Sunday, February 12, 2012

a KIT-KAT please!!

As you all know a Kit-Kat is a well known chocolate bar, but in Spain (the country where I was born) we    also use it as an idiom. Yes, I know, this sounds weird, when we say in Spanish "wait a Kit-Kat" is like if we were saying "wait a moment". This has a very rational and simple explanation, Spanish people is not that crazy... Back when this brand started to be sponsored in Spain they were advertised like a break snak.  That is why we use it like that. Whatever, this isn't what I really intended to write in this post. I was checking for some inspirational reading for this blog and I found "The Tipping Point" by Malcolm Gladwell in our recommended reading list for this module. To be honest it was the only book that I managed to find as an epub to load into my digital book reader.
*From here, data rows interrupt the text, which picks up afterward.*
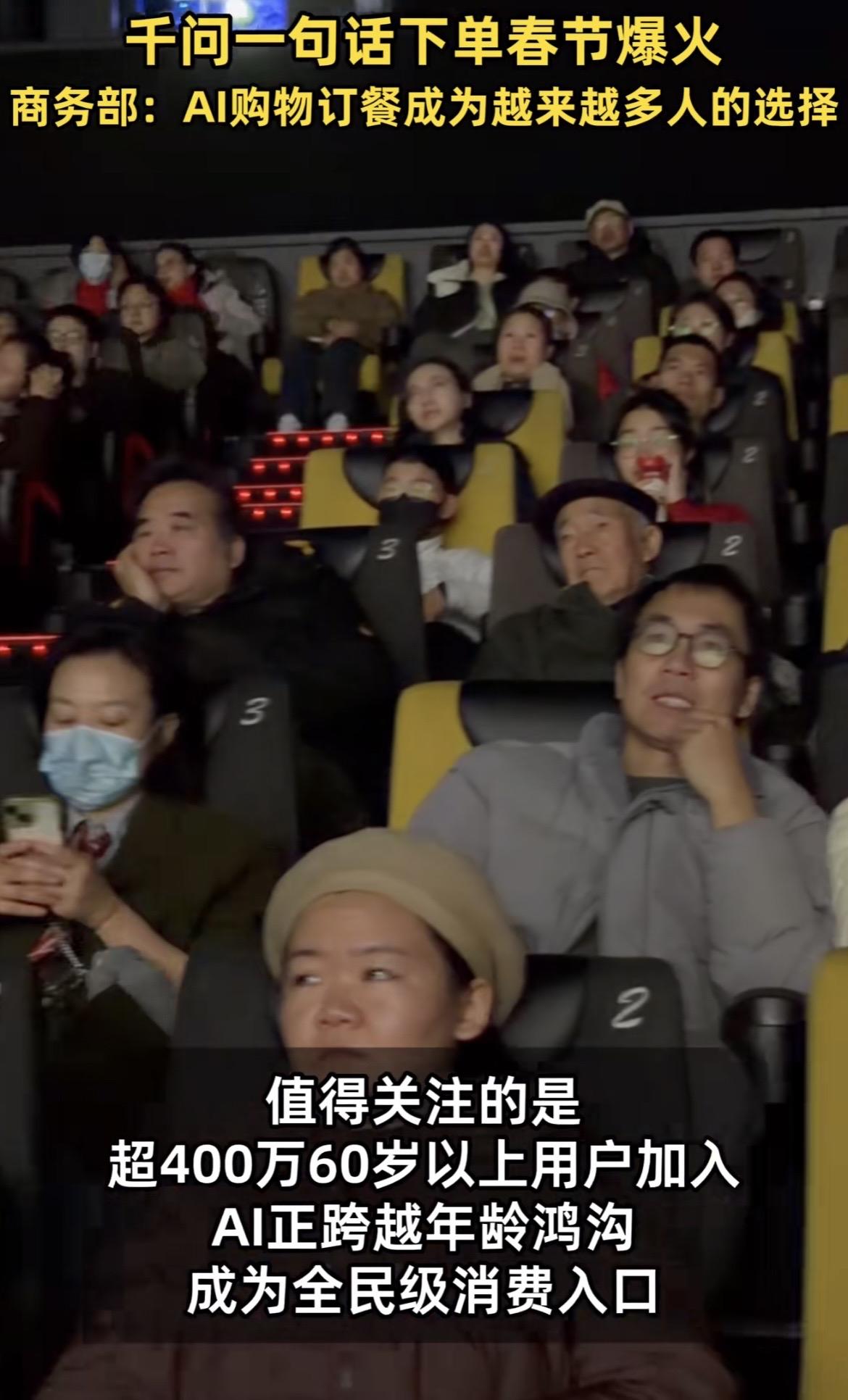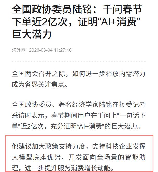 大家发现没有,一个新的变化正在中国发生,事关AI和消费! 最近进入两会周期,最新政府工作报告里最大的亮点就是AI了,“AI”引发了大家热议。 全国政协委员陆铭接受采访时说的一句话挺值得关注,他说春节期间用户在千问上“一句话下单”近2亿次,充分证明了“AI+消费”的巨大潜力。 要知道最近进入两会周期,AI大篇幅写入最新的政府工作报告,“AI”引发了大家热议。 同时他还建议加大政策支持力度,支持科技企业发挥大模型的优势,进一步提升服务消费增长动能。 有一说一,这个建议很好,因为在AI消费应用上中国其实已经在领跑全球,有了先发优势。 这一点从千问春节活动就能看出,通过AI+消费的形式,活动上线仅9个小时,用户在千问APP上的AI订单就突破了1000万单。仅仅3个月时间,千问日活就达到了7352万,这样的速度,怕是也只有在中国能做到。 而且我们会发现,AI消费的出现也带来了新的生产力,让消费变得更加高效,地域人群限制变得更小。 以前咱们买东西,需要主动去搜索寻找商品,相对比较繁琐,而现在AI时代下,打开千问只需一句话,AI就会自动下单“帮我买”,把事直接办妥。 同时地域和人群的限制也在缩小,千问数据就提到,春节期间,有超过400万60岁以上的用户让千问帮忙下单,打破了数字鸿沟。 同时还有半数订单来自县城,第一波城市和县域用户消费得到进一步释放。 换句话说,AI+消费已经在中国展现出其强大的拉动内需潜力,对于咱们而言,当下要做的就是大力发展AI+消费,将其打造成中国AI发展的新范式。成为中国全球AI竞争中,一把新的“利刃”!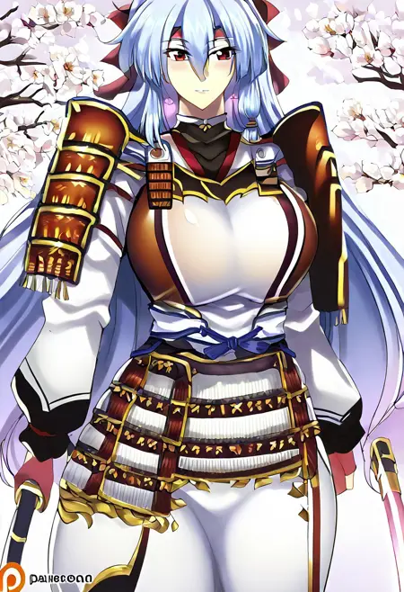 토모에, 1소녀, 혼자, 붉은 눈, 밝은 파란색 머리, 매우 긴 머리, 눈 사이의 머리카락, 갈라진 앞머리, 온이 뿔, 머리 장식, 흰색 머리띠, 사무라이 갑옷, 전통적인 일본 갑옷 플레이팅, 장식용 가슴판, 어깨 보호판, 흰색 하카마 스타일 바지, 갑옷 장갑(검정 및 빨강), 뒤에 추가 카타나, 나기나타,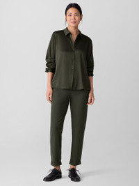 Classic—with a touch of shine. An elegant button-up shirt that goes straight into the wash, in our lustrous silk charmeuse. Made in a Fair Trade Certified™ factory. Style No. F5SM2-T5775 DESIGN - Close at the shoulders, wider at the hem. A silhouette that fits the body withease. - Kalyane is 5'10" and wears a size XS, which measures 25 1/2 inches on the body.Size PS measures 24 1/2 inches on the body. Size 1X measures 28 1/2 inches onthe body. - Classic collar, button front and button cuffs with double pleat. - Back yoke with center box pleat; 4-inch side slits. - Mother-of-pearl buttons. - Style No. F5SM2-T5775 FABRIC - Lustrous, satin-woven silk with a touch of stretch for movement. - Hand wash cold. Line dry. - Made in China. 96% Silk/4% Spandex. SUSTAINABILITY - Our Fair Trade Certified™ factories meet rigorous social and environmentalstandards. By choosing Fair Trade Certified™ products, you’re helping to improvethe lives of workers, build resilient communities and protect the environment. - This fabric is bluesign® APPROVED. It's dyed with safer chemistry using lesswater and less energy, meeting the bluesign® CRITERIA.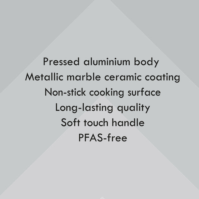 Offering a perfect combination of practicality and style, this Progress Marble Ceramic 24 cm frying pan is ideal for cooking fresher and healthier meals using little or no oil. Crafted from durable pressed aluminium, this lightweight frying pan is great for cooking larger meals and features a non-stick cooking surface for easy cleaning after use. The metallic marble ceramic coating offers improved heat distribution and is PFAS-free to avoid releasing harmful chemicals into the environment.

The fact is that I find some of this book's theories very interesting, so decided to share it along with all my incoming research.
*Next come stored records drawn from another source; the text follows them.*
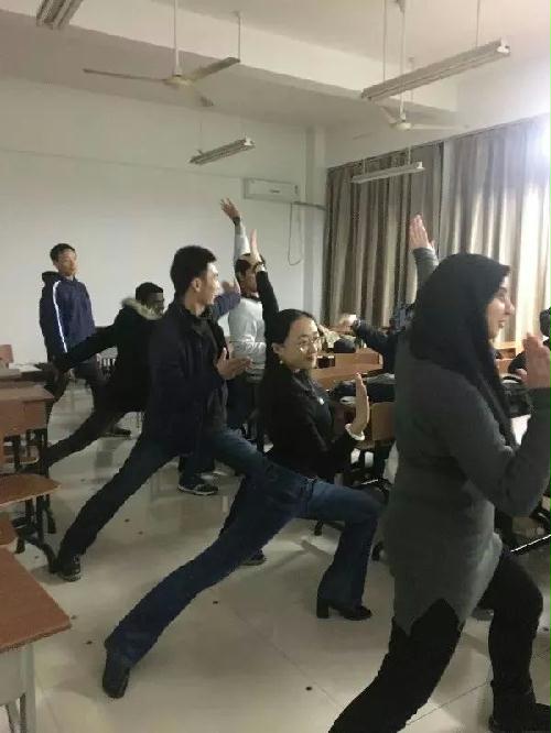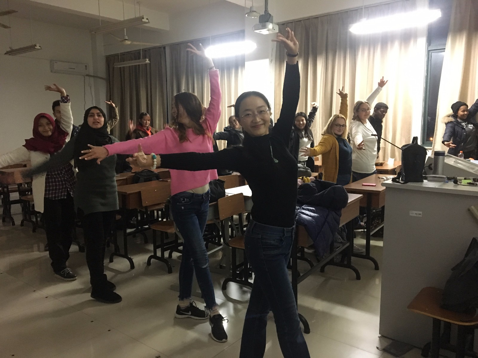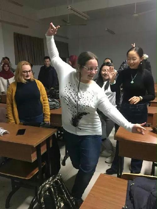 Chinese teacher Lu Di introduced the concept of Chinese folk music, classification, the ancient Chinese music view and the basic gestures of Chinese classical dancing.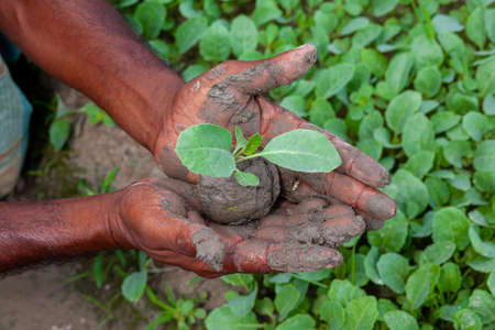 Two muddy hands are holding a small green plant. Plant in hands. Green plant background. Life and Savings concept.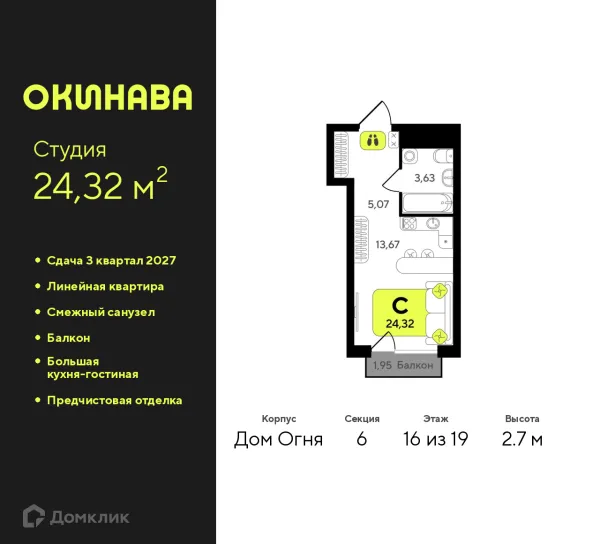 1 комн. квартира в Тюмени в ипотеку от 29 524 руб/месяц

"The Tipping Point is the biography of an idea, and the idea very simple. It is that the best way to understand de emergence of fashion trends, the ebb and flow of crime waves, or, for that matter, the transformation of a unknown books into bestsellers, or the rise of teenage smoking, or the phenomena of work of mouth, or any number of the other mysterious changes that mark everyday life is to think of them as epidemics. Ideas and products and the messages and behaviours spread just like viruses do.
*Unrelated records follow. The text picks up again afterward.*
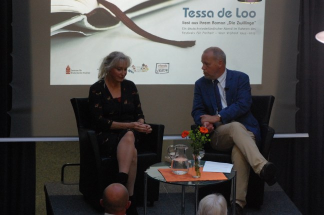 Zum Auftakt des deutsch-niederländischen Festivals ‚Für Freiheit – Voor Vrijheid 1945-2015‘, das am 27. August in Münster stattfand (siehe Beiträge unten), traf Prof. Dr. Friso Wielenga die niederländische Schriftstellerin Tessa de Loo zu einem Podiumsgespräch im Haus der Niederlande in Münster. Sie las am Vorabend aus ihrem Roman De tweeling – die Zwillinge und verdeutlichte, den Zwist zwischen Selbstverständnis und dem wirklichen Verstehen. Ein Problem, das zurzeit sehr aktuell erscheint.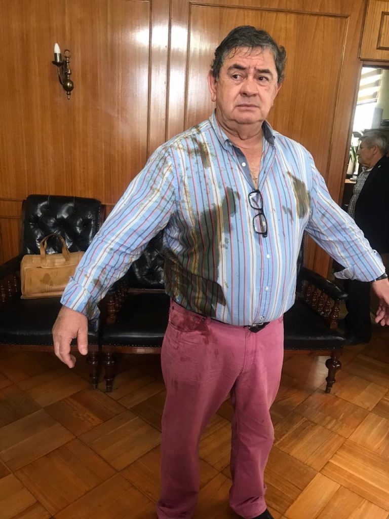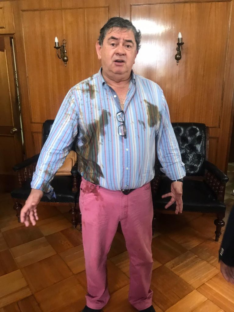 Juan Carlos Figueroa, concejal de la Democracia Cristiana difundió imágenes de cómo quedó su rostro y ropa tras la agresión.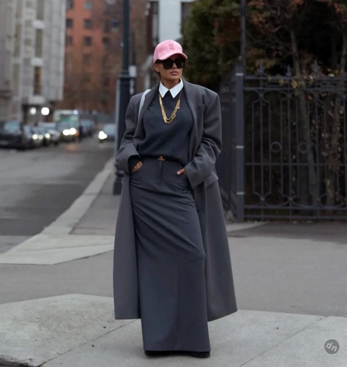 В образе Виктории все «макси». Пальто макси, юбка макси. Плюс джемпер в сочетании с белой рубашкой, застегнутой на все пуговицы. А сверху еще розовая бейсболка. Ощущение какой-то закупоренности. Хотя для Бони, которая, наоборот, любит раздеваться, это даже как-то нетипично. Я понимаю, что она хотела прорекламировать кепки своего бренда, но уж очень хочется снять неуместный головной убор, распустить волосы и добавить образу легкости.

The rise of Hush Puppies and the fall of New York's crime rate are text book examples of epidemics in action. Although they may sound as if they don't have very much in commun, there share basic, underlying pattern. First of all, they are clear examples of contagious behaviour. No one took out an advertisement and told people that the traditional Hush Puppies were cool and they should start wearing them. Those kids simply wore the shoes when they went to clubs or cafes or walked the streets of downtown New York, and in so doing exposed other people to their fashion sense. They infected them with the Hush Puppies virus.[...] The second distinguishing characteristic of this two examples is that in most cases little changes had big effect.[...] Finally, both changes happend in a hurry. They didn't built steadily and slowly."